My biggest issue with word2vec is this: we are still using more or less whole words with some minimal parsing. This is limiting because there do exist words which are spelled wrong, or words which are entirely nonsensical but still need to be represented. If I ask, “What is the plural of ‘florb’?” you will probably respond, “florbs,” even if ‘florb’ is an entirely nonsensical word. Word2vec, because it has no way of vectorizing novel words after the training part, can’t fabricate or comprehend unfamiliar terms. This is what I’d like to correct.

How? Well, I know a bit about deep learning. It is my hammer, and all problems look like nails. The solution I propose is this: train a network on an input of four characters and try and compress it from 128^4 bits to n bits. Why 128^4 bits?
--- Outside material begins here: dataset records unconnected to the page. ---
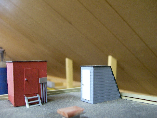 Mine are all of simple sheet styrene construction - the angle-sided ones are a good place to use up all the triangular scraps generated when cutting gable ends for other structures. Board and batten siding can be used as-is, while clapboard can be applied either on an angle to match that of the sloped roof, or reversed, with the plain side out. For your headquarters building, the stairwells could be finished in any material, but elevator head-houses could also be concrete.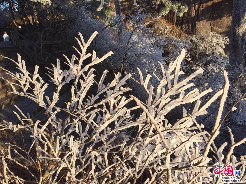 2019年最后一天黃山風(fēng)景區(qū),出現(xiàn)壯觀的日出、霧凇、云海景觀,到處銀妝素裹,冰雕玉砌,“一夜寒風(fēng)起,萬(wàn)樹(shù)銀花開(kāi)”,置身其間,仿佛進(jìn)入撲朔迷離的童話世界,給來(lái)山的游客帶來(lái)意外的驚喜。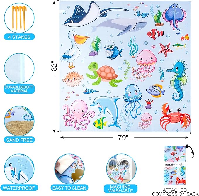 - 【Stylish Beach Blanket & Easy Maintenance and Cleaning】This oversized beach blanket is stylish and eye-catching, with a unique print pattern - sea world, turtles and whales to make you stand out on the beach! You can easily find your family and friends on the beach without worrying about getting lost. For deeper cleaning, it's machine washable, ensuring that it stays fresh and ready for your next outdoor adventure.

Well, if we have four characters, the upper-bound for prefixes and suffixes, and we have 128 printable characters, (26 alpha + 26 alpha uppercase + 10 numeric + punctuation + blah blah) then that means a single 4-character chunk has 128^4 bits. That’s a lot. If we have any hope of understanding full words, we’ll want to get a good amount of variety while keeping our representation compact. Towards that end, we need to decide on exactly what size n we will need.
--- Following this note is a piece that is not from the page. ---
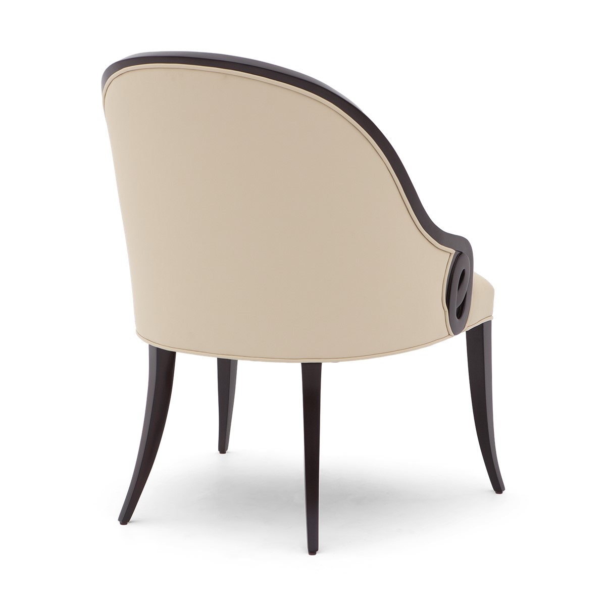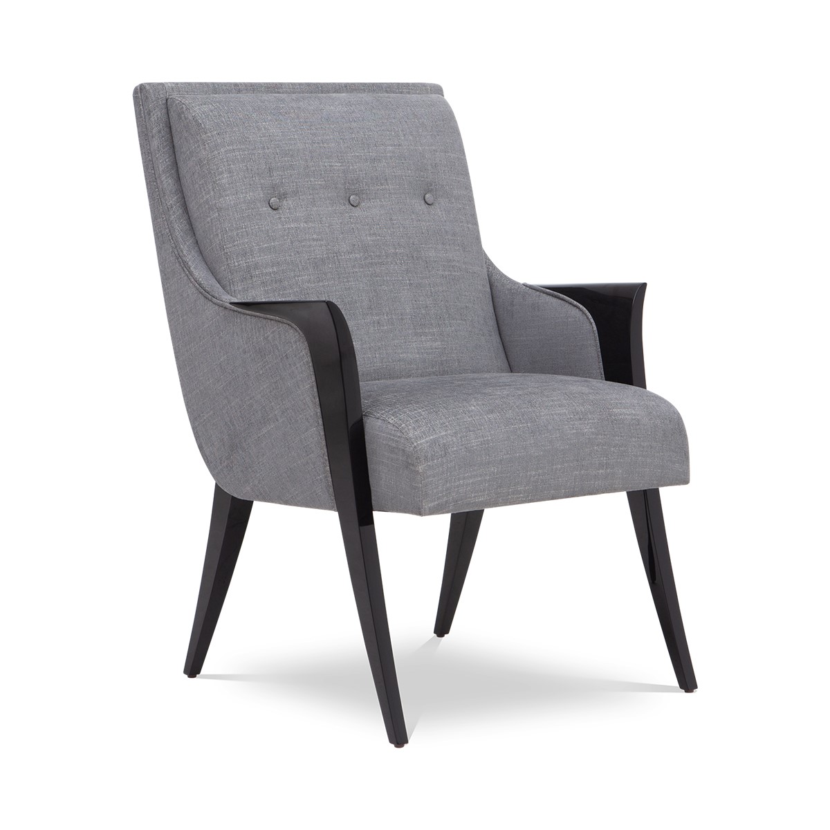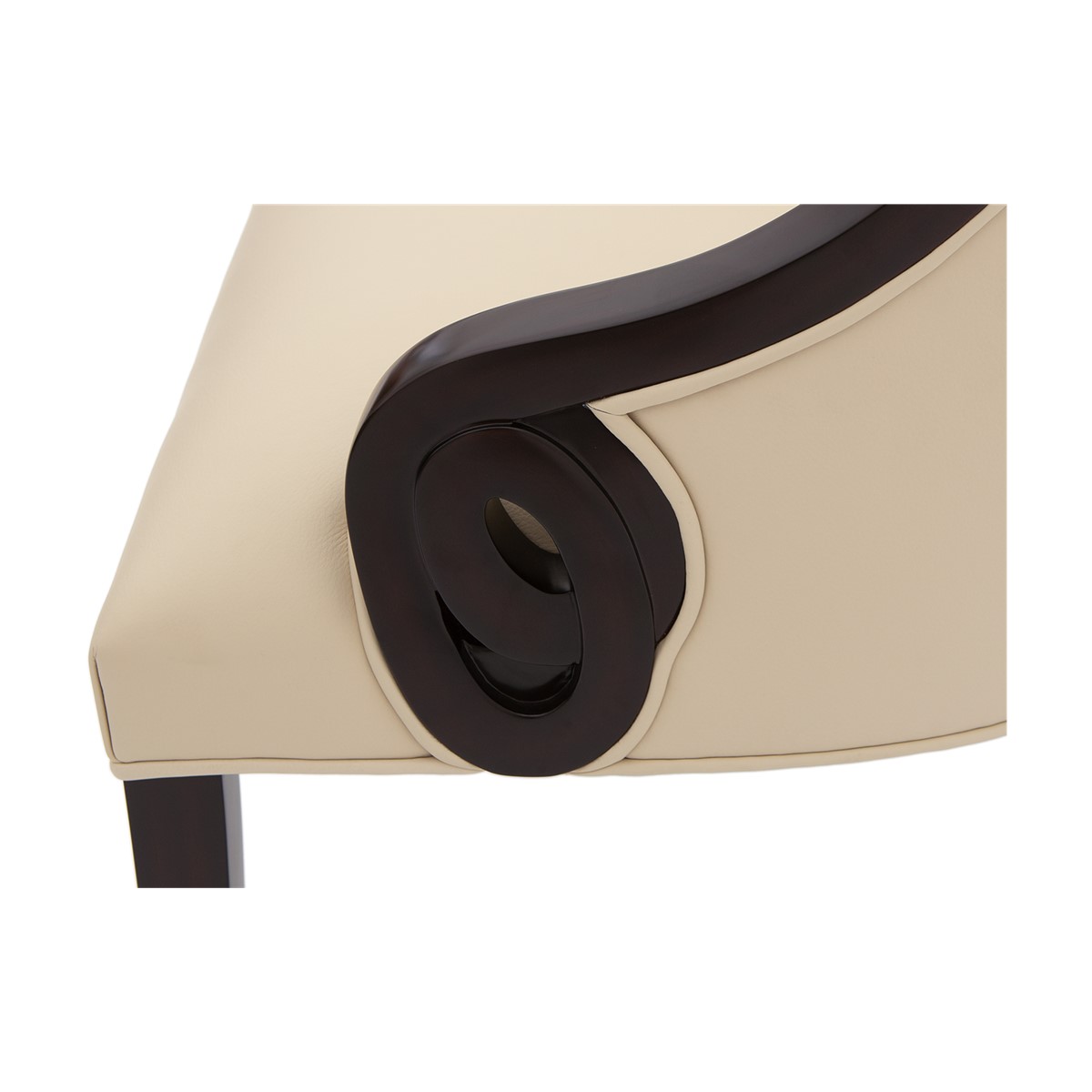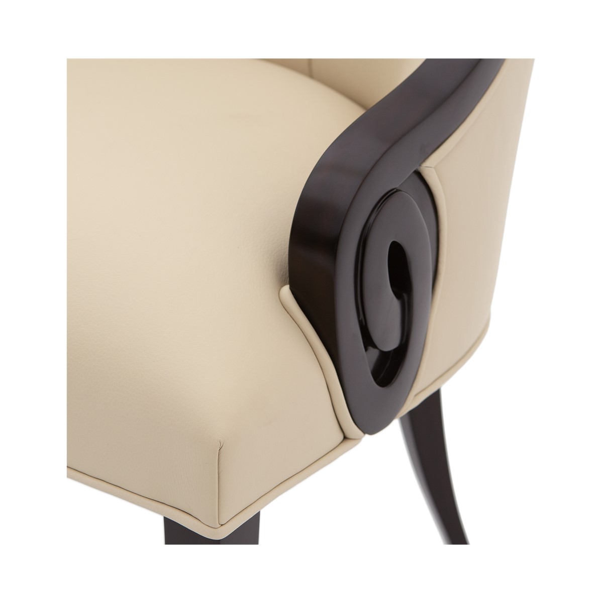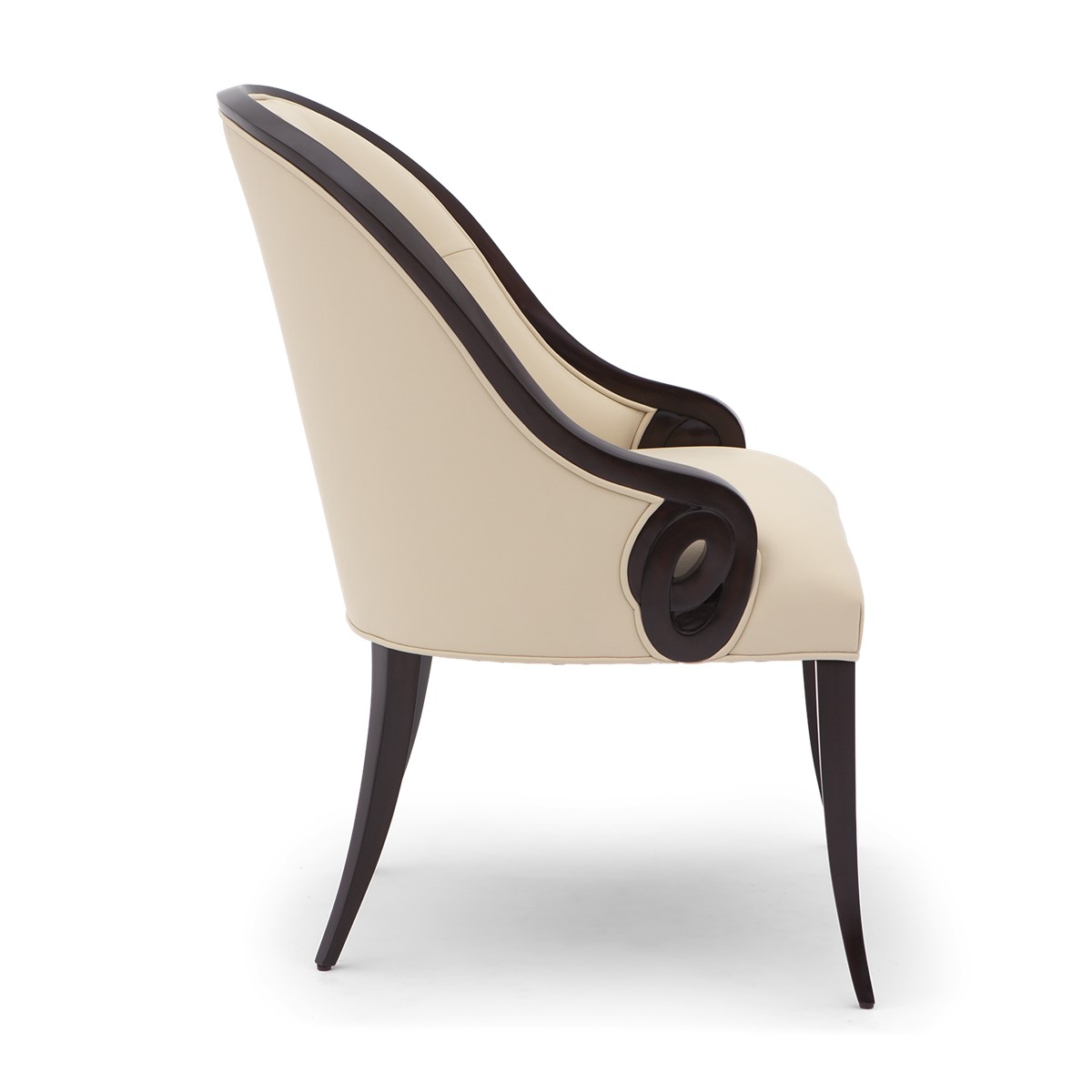 With a beautifully contoured back and tapered legs, this striking tufted salon chair is further enhanced by carved scroll detailing.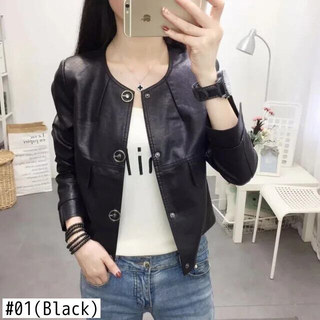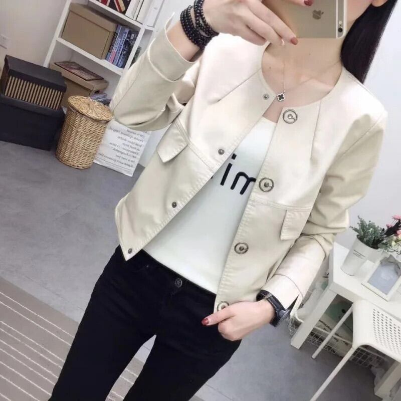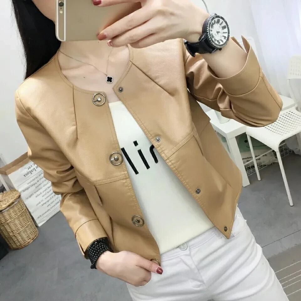 レディース薄型バイクPUレザージャケット春秋Oネックスリムフィットショートコート スプリング 春物 オータム 秋物

This is the purpose of today’s experiment: take one million sentences, break it into 4-character chunks, and see how many there are and what they look like. We could break these sentences in a number of ways, at word boundaries or across, in even chunks. Word boundaries might be ‘more correct’ in some sense, but that means things like “San Francisco” would be broken up and change our distribution. “P.F. Chang”, too, would be incorrectly split. So, in the interest of simplicity, we’ll just take chunks of four characters with a sliding window.
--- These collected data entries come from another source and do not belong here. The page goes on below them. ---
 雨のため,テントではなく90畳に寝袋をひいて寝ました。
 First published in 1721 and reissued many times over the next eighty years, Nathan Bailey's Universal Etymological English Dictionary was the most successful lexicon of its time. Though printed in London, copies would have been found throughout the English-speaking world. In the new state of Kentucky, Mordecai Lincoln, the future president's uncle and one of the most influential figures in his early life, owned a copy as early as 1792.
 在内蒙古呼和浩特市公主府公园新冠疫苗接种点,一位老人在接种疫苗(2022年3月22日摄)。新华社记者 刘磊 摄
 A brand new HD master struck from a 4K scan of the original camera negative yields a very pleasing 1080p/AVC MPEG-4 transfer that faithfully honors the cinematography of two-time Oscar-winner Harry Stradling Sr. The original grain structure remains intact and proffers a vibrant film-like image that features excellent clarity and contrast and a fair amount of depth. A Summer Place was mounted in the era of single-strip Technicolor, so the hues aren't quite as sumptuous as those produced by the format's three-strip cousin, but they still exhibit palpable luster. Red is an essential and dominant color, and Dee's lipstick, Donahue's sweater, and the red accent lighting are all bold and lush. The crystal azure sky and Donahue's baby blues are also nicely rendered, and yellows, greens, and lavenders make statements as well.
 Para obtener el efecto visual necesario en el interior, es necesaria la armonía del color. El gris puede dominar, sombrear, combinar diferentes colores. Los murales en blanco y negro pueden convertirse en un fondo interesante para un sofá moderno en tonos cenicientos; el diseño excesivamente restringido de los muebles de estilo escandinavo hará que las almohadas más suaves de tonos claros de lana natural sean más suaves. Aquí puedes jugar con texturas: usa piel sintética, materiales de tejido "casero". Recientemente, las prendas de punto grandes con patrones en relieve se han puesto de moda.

# Taking even sized samples.
fin = open("1M_sentences.txt", 'r');
chunks = dict();

# Convert the 1M sentences into a single, long, sentence, split by double spaces.
lines = fin.readlines();
big_sentence = "  ".join(lines);

# Iterate across the sentence in 4-character chunks, appending (and counting) the characters.
for i in range(len(big_sentence)-3):
    chunk = big_sentence[i:i+4];
    if chunk not in chunks:
        chunks[chunk] = 0;
    chunks[chunk] += 1;

There. Now chunks is a large dictionary indexed by blobs of four letters. Let’s look at some properties of this. Let’s get a histogram of chunk counts.


chunk_sizes = dict()
for chunk, count in chunks.iteritems():
    if count not in chunk_sizes:
        chunk_sizes[count] = 0;
    chunk_sizes[count] += 1

1:		############
2:		###########
3:		##########
4:		##########
5:		##########
6:		#########
7:		#########
8:		#########
9:		#########
10:		#########
11:		#########
12:		########
13:		########
14:		########
15:		########
16:		########
17:		########
18:		########
19:		########
20:		########
...
1611720:		

There are 2^12 chunks of 4-letters which appear once. This falls off linearly in our graph which is logarithmically in the actual numbers. (So there are half as many chunks which appear 2x and a quarter as many which appear 3x, and so on.) This parallels Zipf’s Law. 200 words make up 90% of sentences. We get a lot of information from the small, 1% of words which are unique to a document. There are a practically infinite number of words which appear once or twice, however. There’s plenty of room to compress this.

There are 1611720 unique chunks of four characters in our sample. The most frequent chunk appears 339365 times. Well, by the magic of binary and exponents, if we have a representation with log(1611720)+1 bits, we can represent all the chunks uniquely! It even has a bit of a margin to allow us to compose/cover unseen cases. How many bits do we need? 16. 16 bits to cover all those cases.

Let’s try and train a network to go from 128^4 to 16 bits.